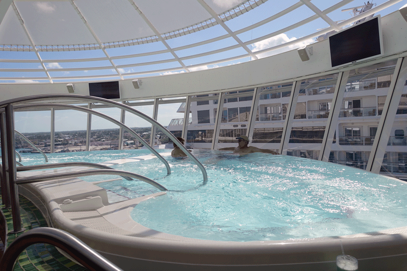 It's hard to tell from this photo since we were docked in Nassau at the time, but there are several whirlpools that actually hang out over the edge of the ship — this was the only photo I could get without a pool full of people though.
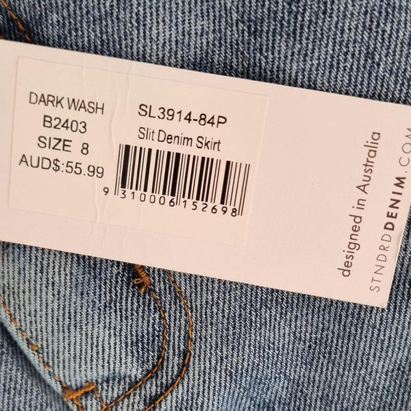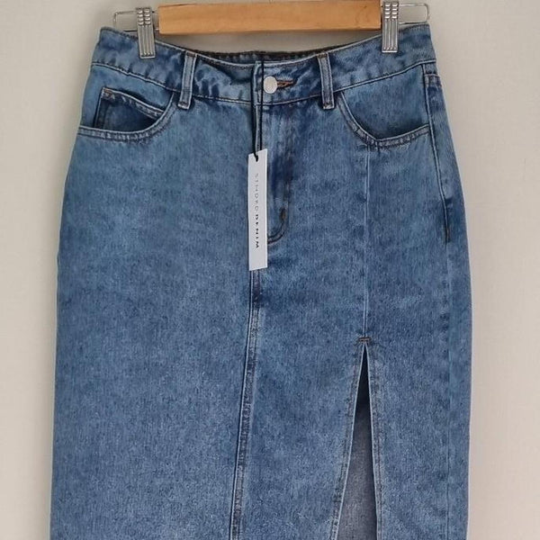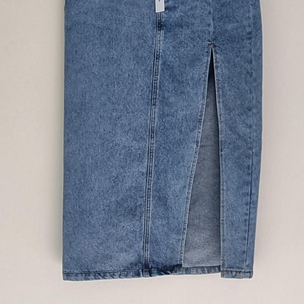 High-Waisted Denim Midi Skirt with Front Split Blue Size 8 AU
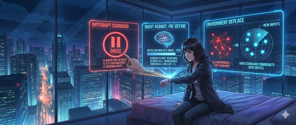 - 避けたい未来の再言語化:今日、どれくらい「なりたくない自分」に近づいてしまったかを冷徹に見つめ、その恐怖をガソリンに変える。
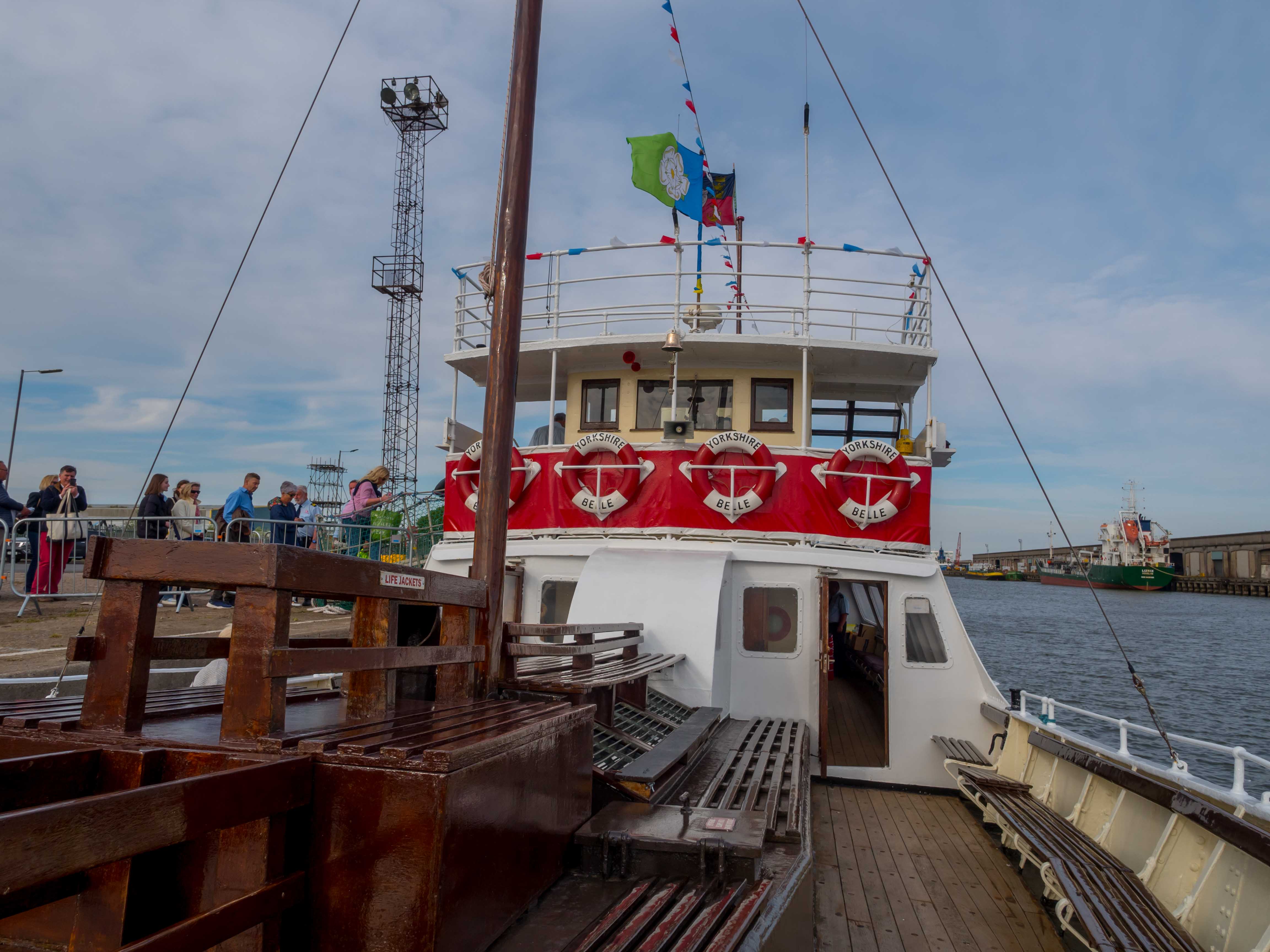 At 17:50 on June 2nd 100 passengers boarded Bridlington’s famous Pleasure Cruiser – the just turned 75 year old Yorkshire Belle – on Albert Dock to join the flotilla sailing to the Humber Bridge before the lighting of Hessle Town Council’s beacon to mark the Platinum Jubilee.
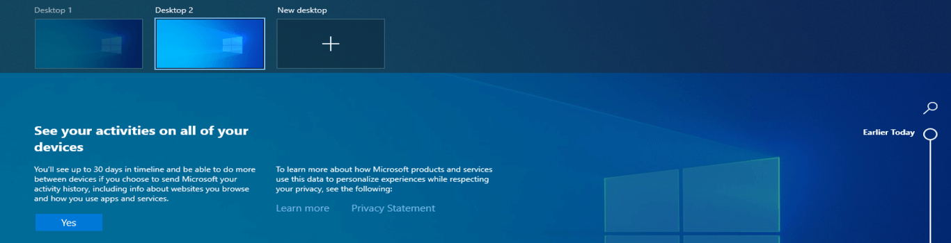 Pressing on New desktop can create a new empty space in which to open other windows. The taskbar changes to show the apps you have opened on that desktop, even if the shortcuts for blocked apps (on the taskbar) remain unchanged on all desktops.
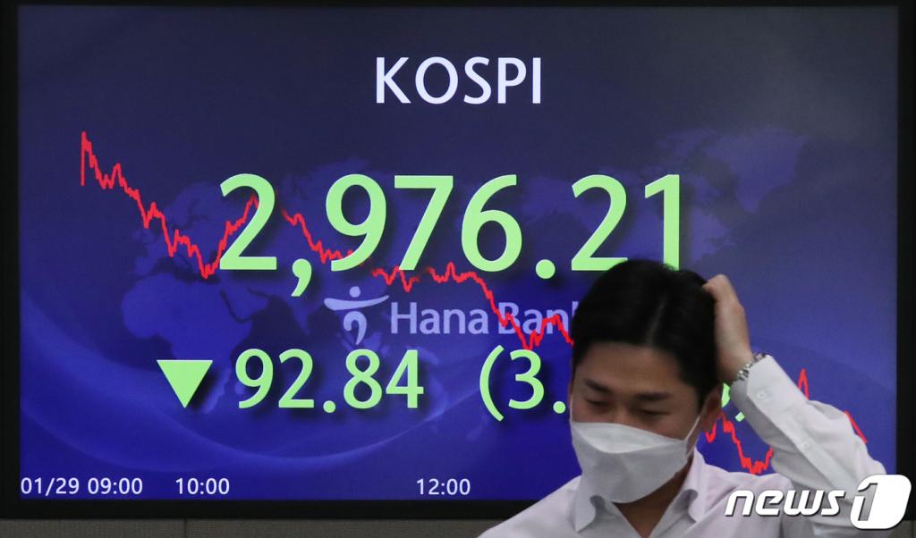 29일 코스피 지수는 전 거래일 대비 92.84포인트(3.03%) 급락한 2976.21로 마감했다. 코스피 지수는 장중 한때 4% 넘게 하락하며 2962.7까지 떨어졌다.
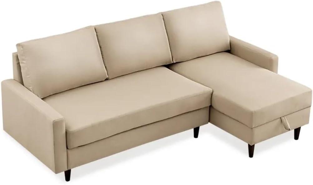 Living in a small space often demands versatile furniture,and this sectional truly meets that need with effortless style and functionality. Transitioning from a cozy three-seat sofa to a full sleeper is surprisingly smooth, making it ideal for guests or cozy movie nights. The right-handed chaise offers a clever storage compartment that’s perfect for blankets, pillows, or other essentials, keeping our living area tidy without sacrificing design. Constructed from solid wood and plywood with durable polyester upholstery, it combines sturdiness with a soft touch. The square armrests add a modern edge, while the foam-filled seats supported by S-shaped springs provide just the right balance of comfort and resilience.
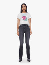 Heavy petal. A classic crewneck with short sleeves, a cropped hem and a slim fit. Made from 100% cotton, the white tee features a faded rose graphic and text on the front.
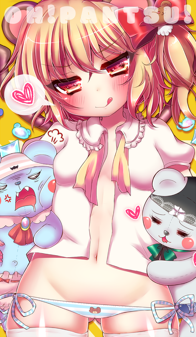 シマヒモクマパンローライズフランチャン。 | またさぶ野郎♡例大祭け14b #pixiv http://t.co/nacDnvkSHS 「東方夢と希望のぉぱんつ合同。」に参加しました~フランちゃんとクマさん描いたよ!
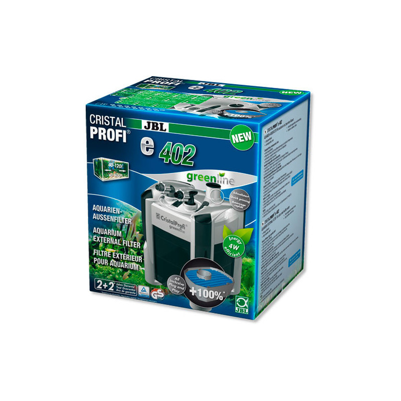 Зовнішній фільтр JBL CristalProfi e402 greenline для акваріумів 40-120 лзовнішній фільтр для чистої і здорової води в акваріумі: закрита система циркуляції води для акваріумів 40-120 літрів (40-80 см);повністю обладнаний і готовий до підключення: вбудована система швидкого запуску означає запуск фільтра без всмоктування води.

Task: The records above must be echoed exactly, minus their pictures.

Result for this exercise:
 It's hard to tell from this photo since we were docked in Nassau at the time, but there are several whirlpools that actually hang out over the edge of the ship — this was the only photo I could get without a pool full of people though.
 High-Waisted Denim Midi Skirt with Front Split Blue Size 8 AU
 - 避けたい未来の再言語化:今日、どれくらい「なりたくない自分」に近づいてしまったかを冷徹に見つめ、その恐怖をガソリンに変える。
 At 17:50 on June 2nd 100 passengers boarded Bridlington’s famous Pleasure Cruiser – the just turned 75 year old Yorkshire Belle – on Albert Dock to join the flotilla sailing to the Humber Bridge before the lighting of Hessle Town Council’s beacon to mark the Platinum Jubilee.
 Pressing on New desktop can create a new empty space in which to open other windows. The taskbar changes to show the apps you have opened on that desktop, even if the shortcuts for blocked apps (on the taskbar) remain unchanged on all desktops.
 29일 코스피 지수는 전 거래일 대비 92.84포인트(3.03%) 급락한 2976.21로 마감했다. 코스피 지수는 장중 한때 4% 넘게 하락하며 2962.7까지 떨어졌다.
 Living in a small space often demands versatile furniture,and this sectional truly meets that need with effortless style and functionality. Transitioning from a cozy three-seat sofa to a full sleeper is surprisingly smooth, making it ideal for guests or cozy movie nights. The right-handed chaise offers a clever storage compartment that’s perfect for blankets, pillows, or other essentials, keeping our living area tidy without sacrificing design. Constructed from solid wood and plywood with durable polyester upholstery, it combines sturdiness with a soft touch. The square armrests add a modern edge, while the foam-filled seats supported by S-shaped springs provide just the right balance of comfort and resilience.
 Heavy petal. A classic crewneck with short sleeves, a cropped hem and a slim fit. Made from 100% cotton, the white tee features a faded rose graphic and text on the front.
 シマヒモクマパンローライズフランチャン。 | またさぶ野郎♡例大祭け14b #pixiv http://t.co/nacDnvkSHS 「東方夢と希望のぉぱんつ合同。」に参加しました~フランちゃんとクマさん描いたよ!
 Зовнішній фільтр JBL CristalProfi e402 greenline для акваріумів 40-120 лзовнішній фільтр для чистої і здорової води в акваріумі: закрита система циркуляції води для акваріумів 40-120 літрів (40-80 см);повністю обладнаний і готовий до підключення: вбудована система швидкого запуску означає запуск фільтра без всмоктування води.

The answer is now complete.